In January 2019, He Wei, special envoy of Chinese leader, CCP general secretary Xi Jinping and vice chairman of the National Committee of CPPCC, visited Madagascar and attended the inauguration ceremony of newly elected President Andry Rajoelina. In November 2019, Chinese Vice Premier Sun Chunlan visited Madagascar, met with President Rajoelina and Prime Minister Christian Ntsay, and visited the Chinese Medical Mission to Madagascar.

== Economic relations ==
According to the Malagasy customs, China has been Madagascar's biggest trading partner and biggest source of import since 2015. In 2020, the bilateral trade in goods reached US$930 million, accounting for 18.1% of Madagascar's total foreign trade.

According to China's Ministry of Commerce, the flow of China's direct investment to Madagascar was US$136 million in 2020 and the stock of investment has reached US$391 million at the end of 2020. The Chinese enterprises in Madagascar have carried out corporate social responsibility (CSR) activities, contributing to the country's economic, social development and improving people's livelihood.

=== Development cooperation ===
Since the establishment of diplomatic relations in 1972, China has assisted Madagascar in a number of economic and social projects, including the construction of a Primary School for China-Africa Friendship, the construction of and technical support to the Sports and Cultural Palace, the International Conference Center at Ivato, and the Anosiala Hospital. In 1975, China agreed to provide Madagascar with aid for the development of the Moramanga-Andranonampango Highway. The highway was funded with an interest-free loan from China and was completed in 1985.

In recent years, China has continued supporting the Chinese medical mission and technical experts to Madagascar, deepened human resources development cooperation, and carried out a series of infrastructure and social projects, such as the expressway between Ivato Airport and the Boulevard de l'Europe, the Tsarasaotra-Ivato expressway, the "Eggs Road", well-drilling, etc. The assistance and cooperation have contributed to the socio-economic recovery of Madagascar and brought tangible benefits to the Malagasy people.

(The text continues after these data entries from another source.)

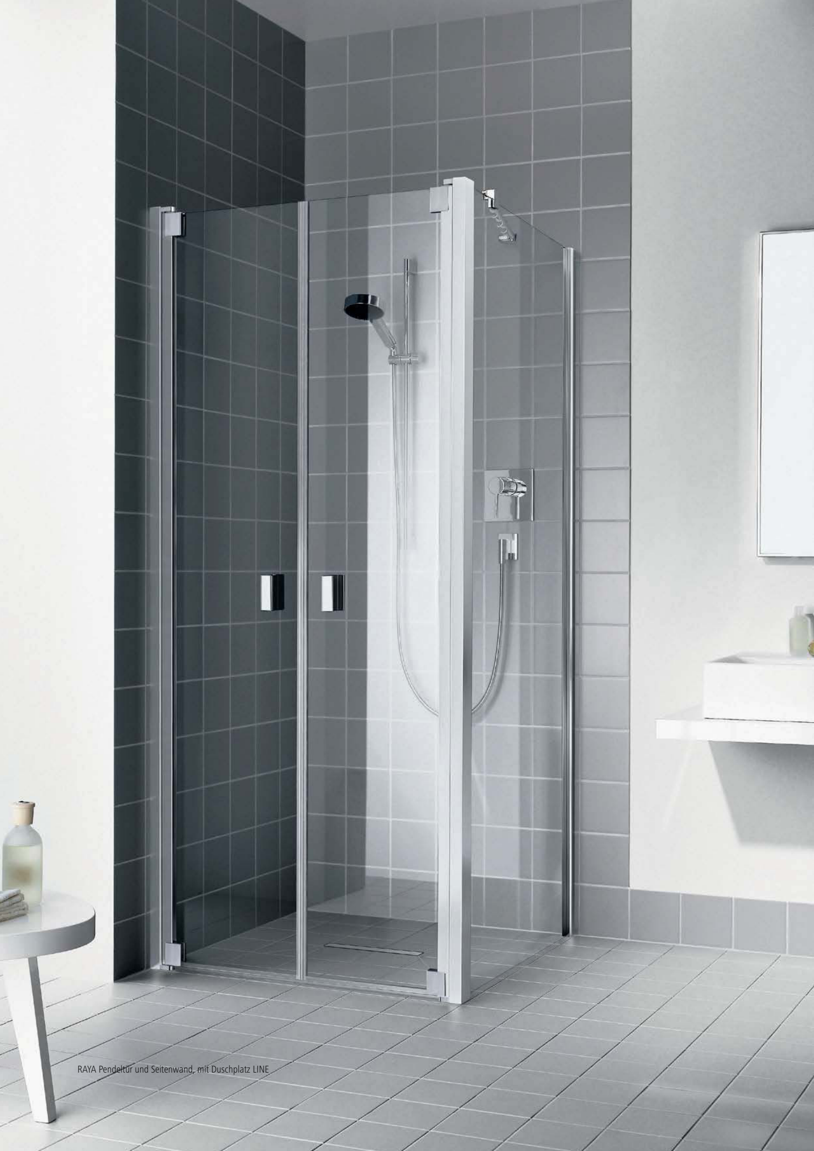
RAYA Pendeltür und Seitenwand, mit Duschplatz LINE
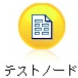
Rysunek 4. Etykieta węzła zawierająca znaki spoza zestawu ASCII, wyświetlana prawidłowo

Spowoduje to utworzenie łańcucha Unicode i prawidłowe wyświetlenie etykiety.
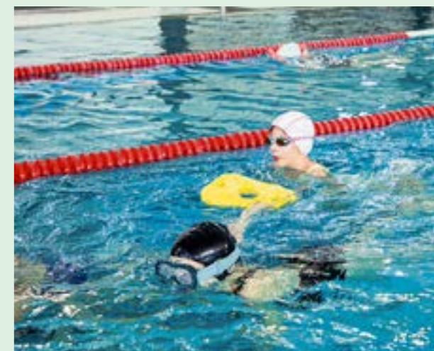
▲ Petržalka obnovuje tradíciu bezplatných plaveckých kurzov pre základné školy. Vďaka pomoci partnerov sa môžu zapojiť všetky.
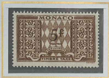
5 F SÈPIA
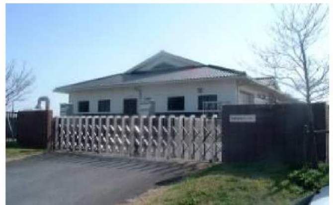
七城北部浄化センター

In early 2019, the newly inaugurated President Rajoelina inspected the 200 well-drilling project in the south, and attended the inauguration ceremonies of the extension and renovation project of the expressway linking Port Toamasina and the RN2 and the rehabilitation project of the RN5A in the north.

From 2000 to 2011, there were approximately 19 Chinese official development finance projects identified in Madagascar through various media reports. These projects range from developing a new 40.5 MW hydroelectric plant in the Betsiboka River basin with a loan from the Chinese Export Import Bank, to the construction of an international conference center in Antananarivo.

== Political relations ==
Madagascar follows the one China principle. It recognizes the People's Republic of China as the sole government of China and Taiwan as an integral part of China's territory, and supports all efforts by the PRC to "achieve national reunification". It also considers Hong Kong, Xinjiang and Tibet to be China's internal affairs.

== Resident diplomatic missions ==
- China has an embassy in Antananarivo.
- Madagascar has an embassy in Beijing.